> _Task goal_:
The task requires repeating, word for word, the lines from the one with "Le médaillon circulaire" through the end of the material, leaving out all pictures.

> _Given information_:
══════════

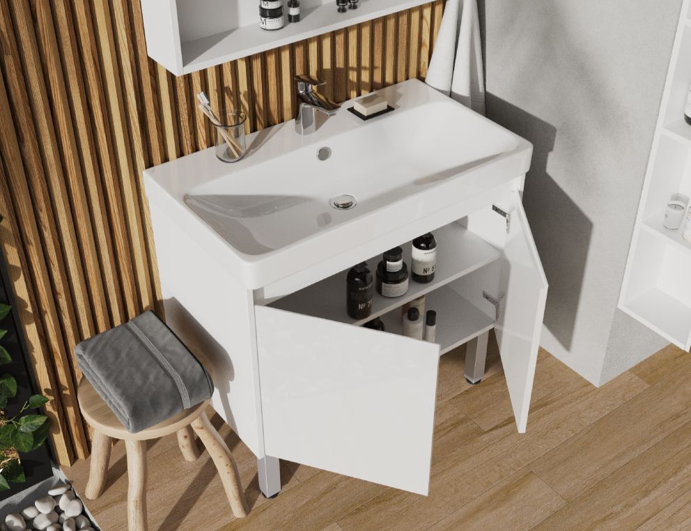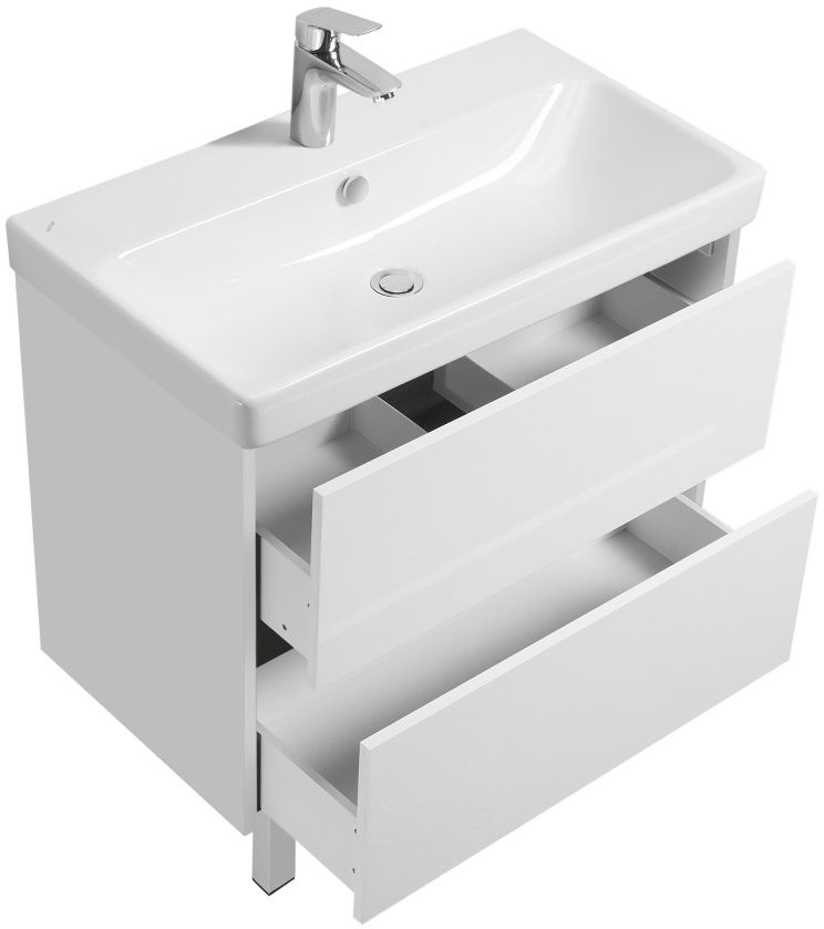Тумба Сканди 80 выполнена в популярном минималистичном скандинавском стиле. Корпус тумбы выполнен из влагостойкой ЛДСП в белой матовой покраске, а фасады в белой глянцевой покраске. Конструктивно тумба состоит из 2 вместительных ящиков, установленных на направляющие с интегрированной системой push-to-open для комфортного использования. На тумбе нет выступающих деталей и фурнитуры, открытие ящиков реализовано нажатием на фасад. Тумба комплектуется белоснежной раковиной Адриана от бренда Santek. Тумбу по желанию можно использовать в двух вариантах: как подвесную или дополнительно приобрести опоры
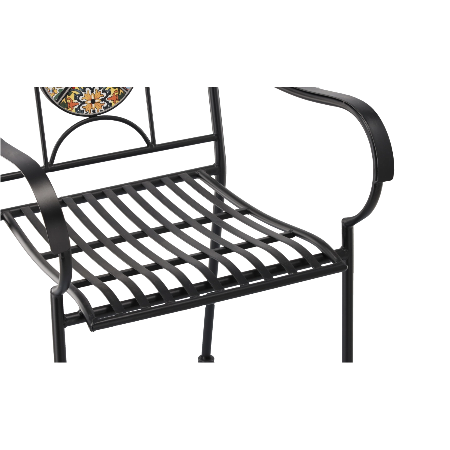 Le médaillon circulaire en mosaïque dans le dossier confère au fauteuil un style affirmé et devient l’ornement de tout espace extérieur.
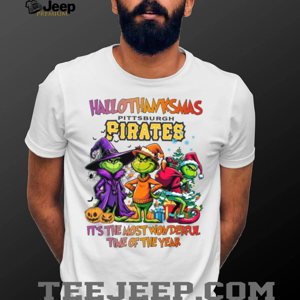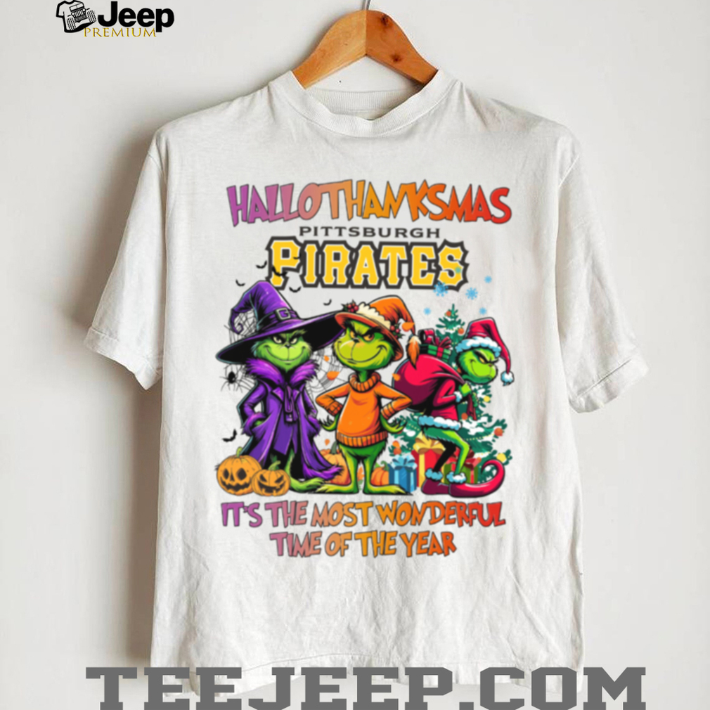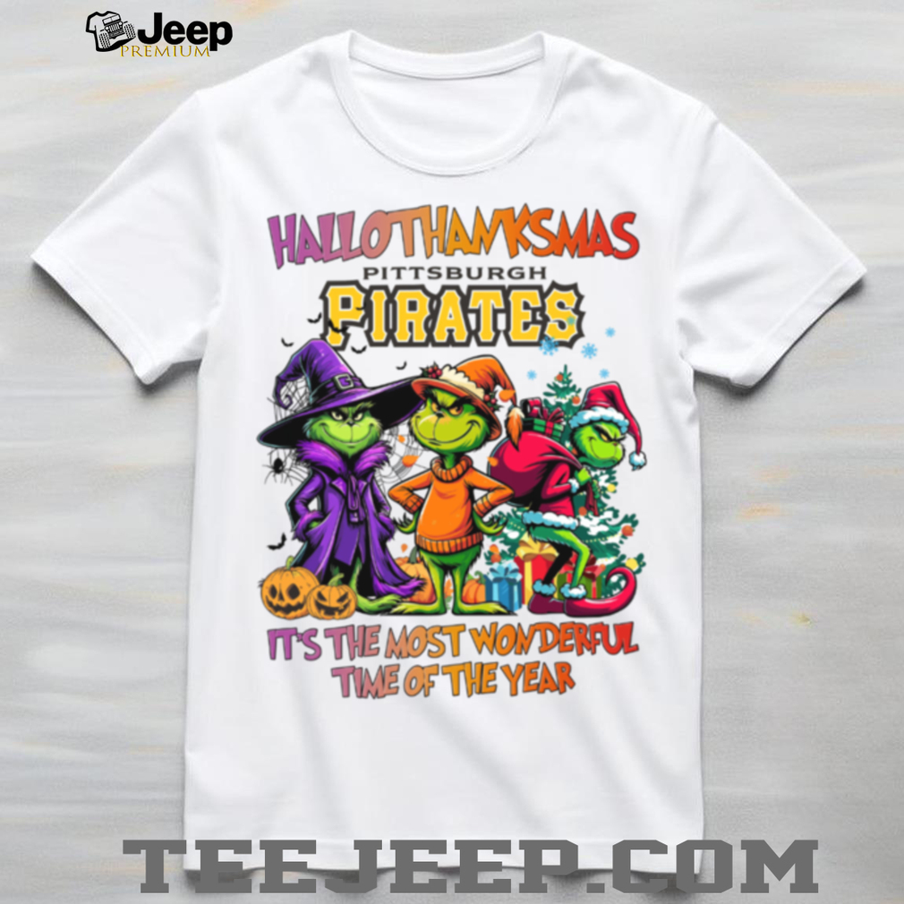 Celebrate Hallothanksmas with a unique twist! This Grinch X Pittsburgh Pirates T-shirt perfectly blends your love for baseball and the holiday season. Get ready to steal the show at your next gathering with this fun and festive tee.

══════════

> _Task solution_:
 Le médaillon circulaire en mosaïque dans le dossier confère au fauteuil un style affirmé et devient l’ornement de tout espace extérieur.
 Celebrate Hallothanksmas with a unique twist! This Grinch X Pittsburgh Pirates T-shirt perfectly blends your love for baseball and the holiday season. Get ready to steal the show at your next gathering with this fun and festive tee.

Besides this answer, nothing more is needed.